### Task directions
Reproduce the listing below exactly, beginning with its first line and ending with the line that holds "Der Kinderschutzbund Rinteln"; pictures are not part of the copy.

Extracted records section start

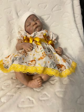 Muñeca realista de bebé. Con todos sus detalles. - Vestido blanco con estampado de animales y lazos amarillos. - Adorno de encaje amarillo en el bajo del vestido. - Gorro blanco a juego.
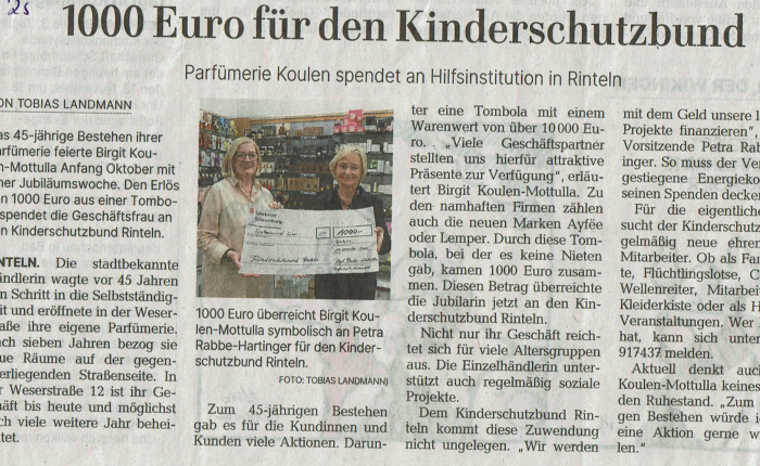 Der Kinderschutzbund Rinteln hat eine lange Warteliste von Familien, die sich einmal pro Woche Unterstützung und Entlastung durch eine Patin oder einen Paten wünschen. Frau B. aus Bückeburg beispielsweise betreut ihr Baby als alleinerziehende Mutter rund um die Uhr. Ihre Angehörigen leben weit entfernt. Allein die Vorstellung, einmal pro Woche für zwei Stunden entlastet zu...
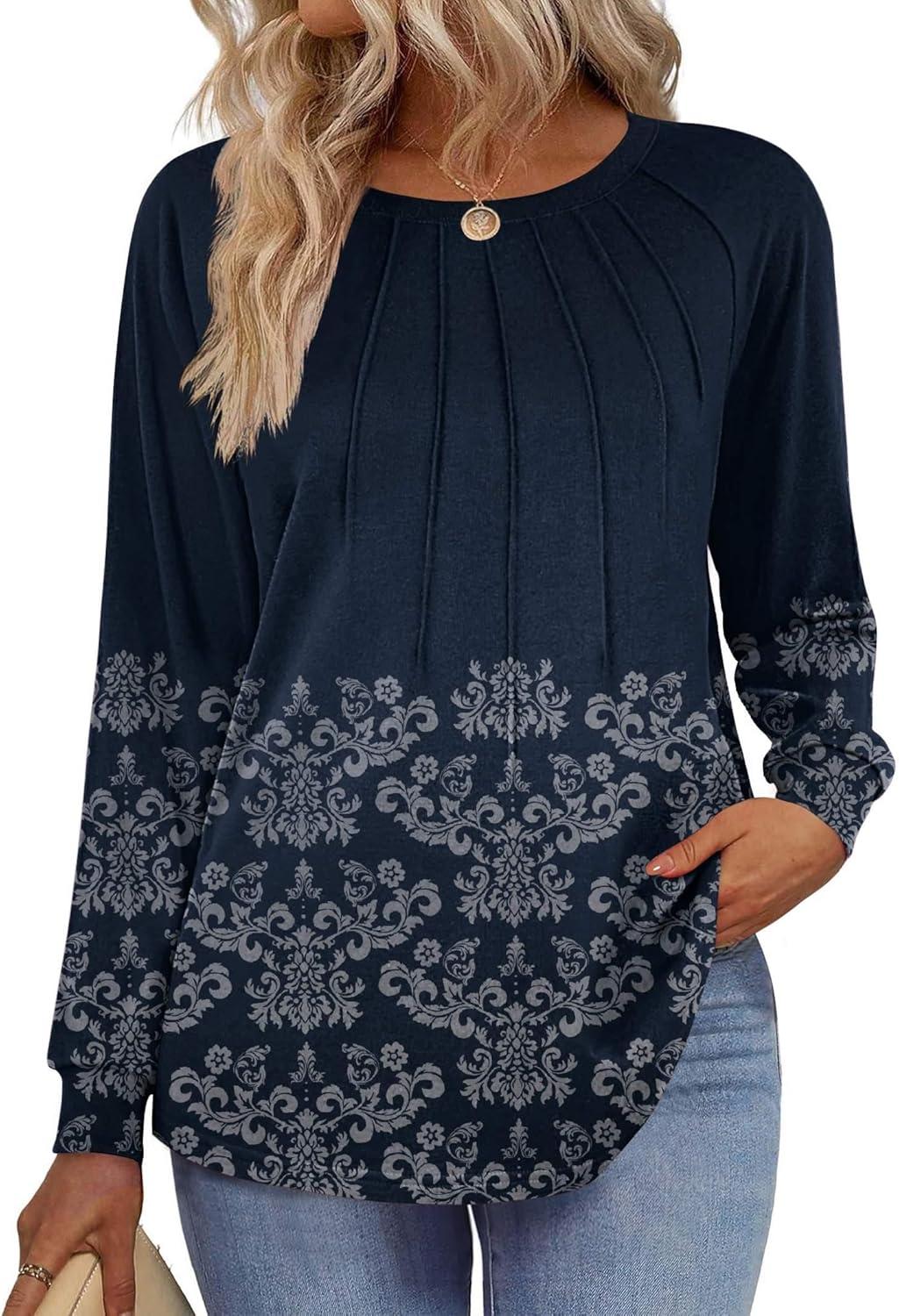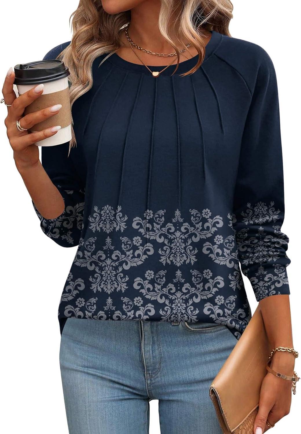 Zeagoo Fall Tops for Women Long Sleeve Shirts Casual Cotton Blouses 2025 Dressy Pleated Tunics(Navy Print)
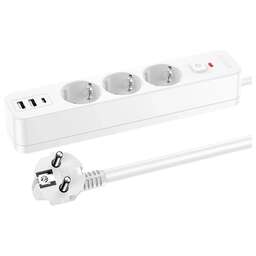 Сетевой фильтр 4 евророзетки и 3 USB порта на 2.4A, Длина 2м, Номинальный ток 10А, Максимальная нагрузка 2500Вт, Варисторная защита и защитные шторки для детей. Есть крепление на стену.
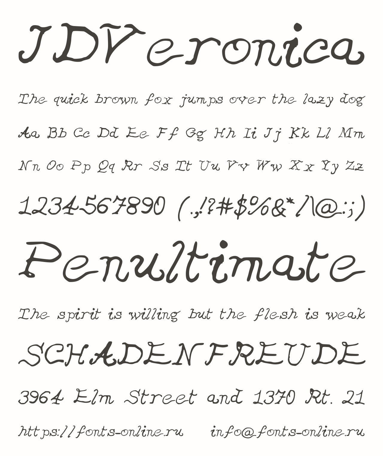 Шрифт JDVeronica. Гарнитура содержит 1 файл и поддерживает 18 языков. Можно использовать в коммерческой и не коммерческой деятельности.
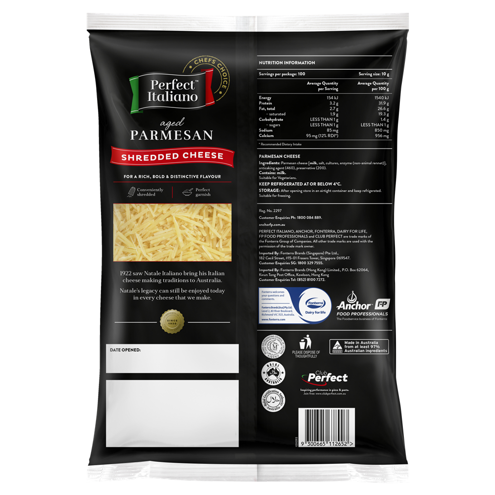 • CHEESE PARMESAN SHRED 1KG(6) # 3002001 PERFECT ITALIANO
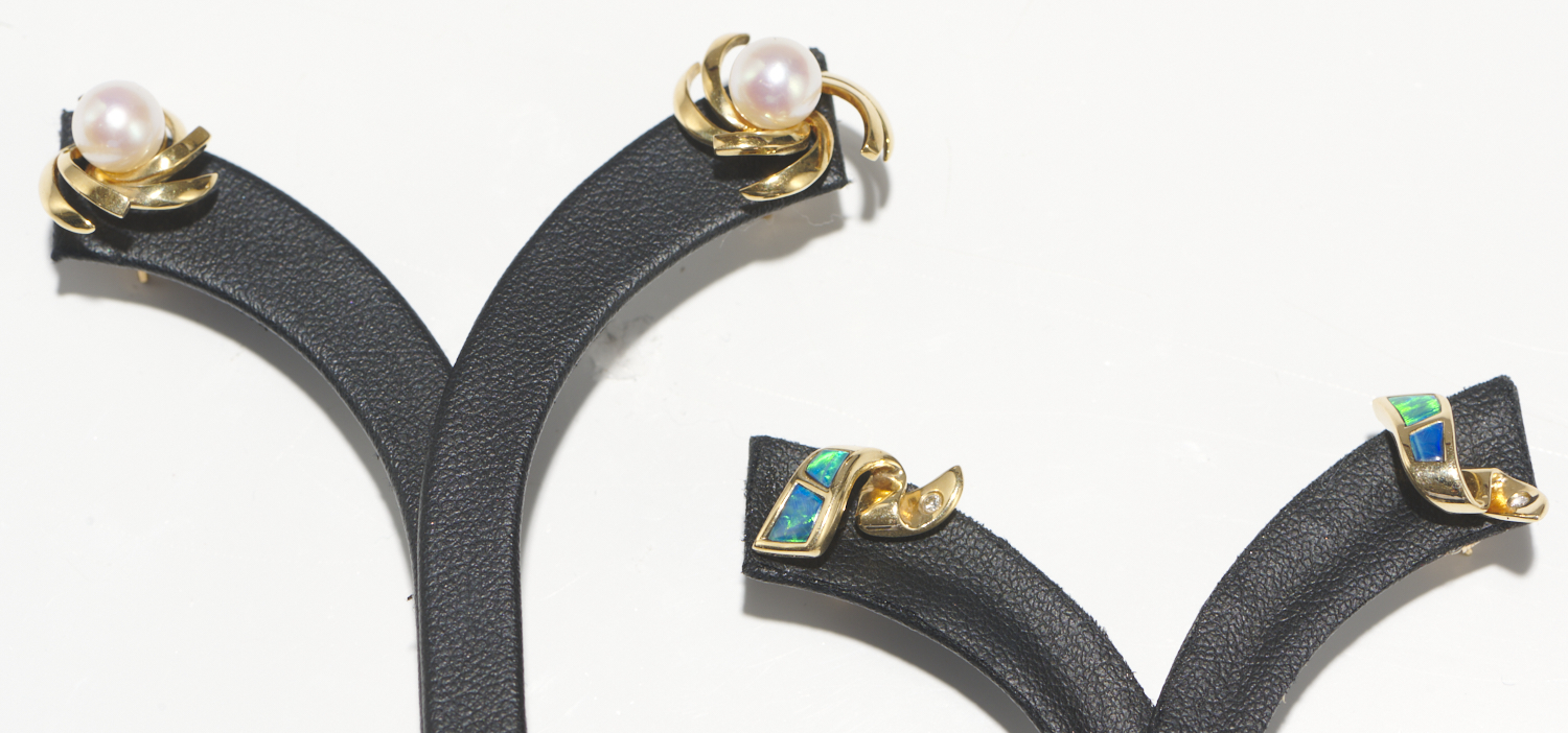 A PAIR OF CULTURED PEARL EARRINGS IN 9CT GOLD WITH A PAIR OF OPAL AND DIAMOND EARRINGS IN 14CT GOLD, TO POST FITTINGS

Extracted records section end

### Response area
 Muñeca realista de bebé. Con todos sus detalles. - Vestido blanco con estampado de animales y lazos amarillos. - Adorno de encaje amarillo en el bajo del vestido. - Gorro blanco a juego.
 Der Kinderschutzbund Rinteln hat eine lange Warteliste von Familien, die sich einmal pro Woche Unterstützung und Entlastung durch eine Patin oder einen Paten wünschen. Frau B. aus Bückeburg beispielsweise betreut ihr Baby als alleinerziehende Mutter rund um die Uhr. Ihre Angehörigen leben weit entfernt. Allein die Vorstellung, einmal pro Woche für zwei Stunden entlastet zu...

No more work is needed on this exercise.